Анцыферов вскочил, пытался что-то сказать, но солдат снова усадил его на скамью. Он хотел было обратиться к Халандовскому, но тот, пряча глаза, прошмыгнул мимо, как нашкодивший кот.
— Пошли, — солдат тронул Анцыферова за плечо. — Теперь и тебе пора.
— Куда?
— Ну ты даешь! — усмехнулся солдат. — Руки за спину, вот так… И вперед.
Анцыферов оглянулся на пустой зал, скользнул взглядом по судейскому столу и шагнул к двери.
Нужно было обладать безрассудством Пафнутьева или пугливостью Невродова, чтобы пойти на эту авантюру. Какой бы приговор ни вынесла судья, все знали, что отсидит Анцыферов какую-то его малую часть. И самое страшное наказание, которое ему уготовили сильные мира сего, — этот вот суд. А дальше произойдет что-нибудь счастливое в его жизни — амнистия, вновь вскрывшиеся обстоятельства, обнаружившиеся нарушения процедуры суда… Да мало ли причин можно придумать, чтобы выпустить на волю хорошего, нужного, верного человека! Было бы желание. А желание найдется, и напрасно, ох напрасно Анцыферов так переживал, так терзался и маялся, ерзая на жесткой, отполированной преступными задами скамье. Да, унизительно, неприятно, тягостно, но не на всю ведь жизнь сажают его за решетку, на годик-второй, да и то вряд ли…
Пафнутьев заметил — Невродов встречает его неизменно настороженно, каждый раз ожидая какой-то новой опасности. И даже успешное завершение операции против Анцыферова не успокоило его, скорее наоборот — еще больше обеспокоило, поскольку Пафнутьев останавливаться на достигнутом не собирался. Но тот, несмотря ни на что, был благодарен областному прокурору за то, что тот не отказывал в помощи, соглашался и выслушать его, и проникнуться его новыми затеями. Это уже было немало, требовать большего даже и неприлично.
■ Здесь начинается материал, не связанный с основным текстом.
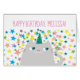 Cute, cartoon grey cat unicorn Happy Birthday greeting card for girl with whimsical stars!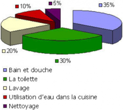 La consommation de l’eau dans une résidence. Sur cette figure, l’eau grise est constituée de toutes ces sources, mise à part la toilette. On note que l’eau issue du bain et des douches correspond à la demande totale en eau pour la chasse des toilettes !                            Environnement Canada

Пока Пафнутьев с наигранным оживлением пересекал кабинет. Невродов с усилием поднялся, протянул руку и даже просипел что-то приветственное.
— Рад видеть, Валерий Александрович! — воскликнул Пафнутьев.
— Да ладно тебе, — ответил Невродов и, шевельнув рукой в воздухе, показал на стул. — Садись.
— Премного благодарен! — отчеканил Пафнутьев.
— Когда ты входишь вот такой… Оживленный да радостный, я начинаю бояться, — улыбнулся Невродов. — Не забываешь ты меня, не забываешь, — произнес он не то с укором, не то с благодарностью.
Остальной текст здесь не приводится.